В узкой невысокой палате лежал на койке полный мужчина в полосатой больничной пижаме и читал книгу. За распахнутым окном краснели головки георгинов с каплями дождя на лепестках, со вчерашнего ливня. В гнезде над карнизом безумолчно чирикали подросшие птенцы воробья.
Люба поздоровалась. С профессиональным спокойствием (а сердце колотилось, а душа волновалась: первый больной, ее больной!) спросила, на что жалуется Бодров. Он посмотрел на нее усталым взглядом: дескать, как вы мне все надоели! – с неохотой обнажился до пояса. Люба приложила к его широченной спине фонендоскоп. Через гибкие шнуры долго ловила шумы сердца и легких. Так же долго прослушивала грудь спереди. Потом измерила давление, сосчитала удары пульса, глядя на секундную стрелку своих маленьких часиков.

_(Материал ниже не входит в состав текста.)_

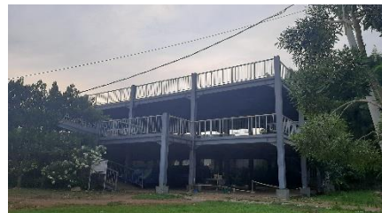
Gambar 5. Gedung parkir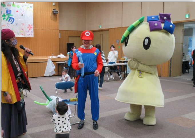
マリオと生野区マスコットキャラクター「いくみん」も来たよ♪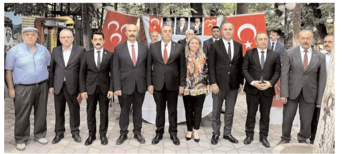
MHP İskilip İlçe Kongresi önceki gün Alparslan Türkeş Parkı'nda gerçekleştirildi.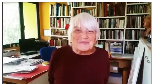
▲ Pilarín Bayés presenta el premi d'aquest any des del seu estudi https://bit.ly/2ySkQg0

MOLTÍSSIMS NENS I NENES DE PRIMÀRIA HAN ESCRIT CONTES PER PARTICIPAR EN EL PREMI PILARÍN BAYÉS 2020. PILARÍN BAYÉS ÉS UNA IL·LUSTRADORA DE VIC QUE HA DIBUIXAT PER A MOLTS CONTES INFANTILS. L'EDITORIAL MEDITERRÀNIA I L'OBRA SOCIAL SANT JOAN DE DÉU VAN PENSAR EN ELLA PER A AQUESTS PREMIS, PERQUÈ ESTIMA ELS CONTES, ESTIMA ELS INFANTS I TREBALLA ELS VALORS.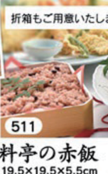
511 料亭の赤飯 2,380円(税込) 19.5×19.5×5.5cm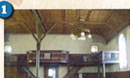
Église de Mézières 46.594914 / 6.771166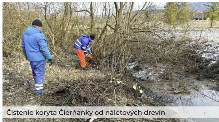
Čistenie koryta Čierňanky od náletových drevín

Ďakujem všetkým občanom, zamestnancom mesta, poslancom MZ, podnikateľom, klubom a občianskym organizáciám, ktorí akýmkoľvek spôsobom pomáhajú rozvoju mesta. Venujú mu svoj čas, energiu a niektorí aj finančné prostriedky. Vážim si korektnú spoluprácu, vecnú diskusiu a dobré nápady, ktoré prispievajú k napĺňaniu nášho spoločného cieľa.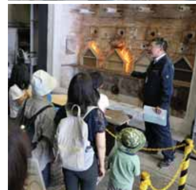
燃えにくい家を考えてみよう!

Наконец Люба начала сматывать шнуры фонендоскопа и прибора для измерения давления. Под ее ресницами поблескивала лукавинка.
– Одевайтесь, Бодров! – Люба подошла к окну – птенцы перестали чирикать, предупрежденные коротким треском старого воробья в шоколадной шапочке. – Не знаю, что же с вами делать, Бодров?.. Состояние у вас крайне тяжелое, если не сказать большего... Лежать вам здесь бесполезно. Пока что мы вас выпишем. Будем искать радикальные меры лечения... Иначе! – Люба многозначительно замолчала.
Успокоенный тишиной воробей вспорхнул – тополиная ветка качнулась вслед за ним. Люба проследила за его полетом: будто с горки на горку скатывался. Направилась к двери. Прикрывая ее за собой, довольно громко шепнула спутницам:
– Через месяц может скончаться...
Неосторожно сказала! В приемный покой ворвался Бодров.
– У меня рак, доктор?! Честно, доктор!
– Хуже, товарищ Бодров.
Мужчина обмяк. Опустился на стул.
– Я так и знал. Как дала жизнь трещину в детстве самом, так и...
Рыженькая медсестра фыркнула и отвернулась, виновато покосилась на серьезную Любу. Зато Лаптева поглядела осуждающе.
– Не отчаивайтесь, товарищ Бодров. – Люба поискала в столе штамп для рецептов. Подышав на него, приложила к чистому листку. – Будем принимать меры. Идите одевайтесь, а я пока выпишу рецепт. Если не полегчает, то придете через неделю.
– Эх, сколько я всяких-разных лекарств, докторша, переглотал! В животе у меня целая аптека.
Он сходил переоделся, без всякого воодушевления сунул рецепт в карман и, вместо «до свидания», безнадежно махнув рукой, вышел на улицу.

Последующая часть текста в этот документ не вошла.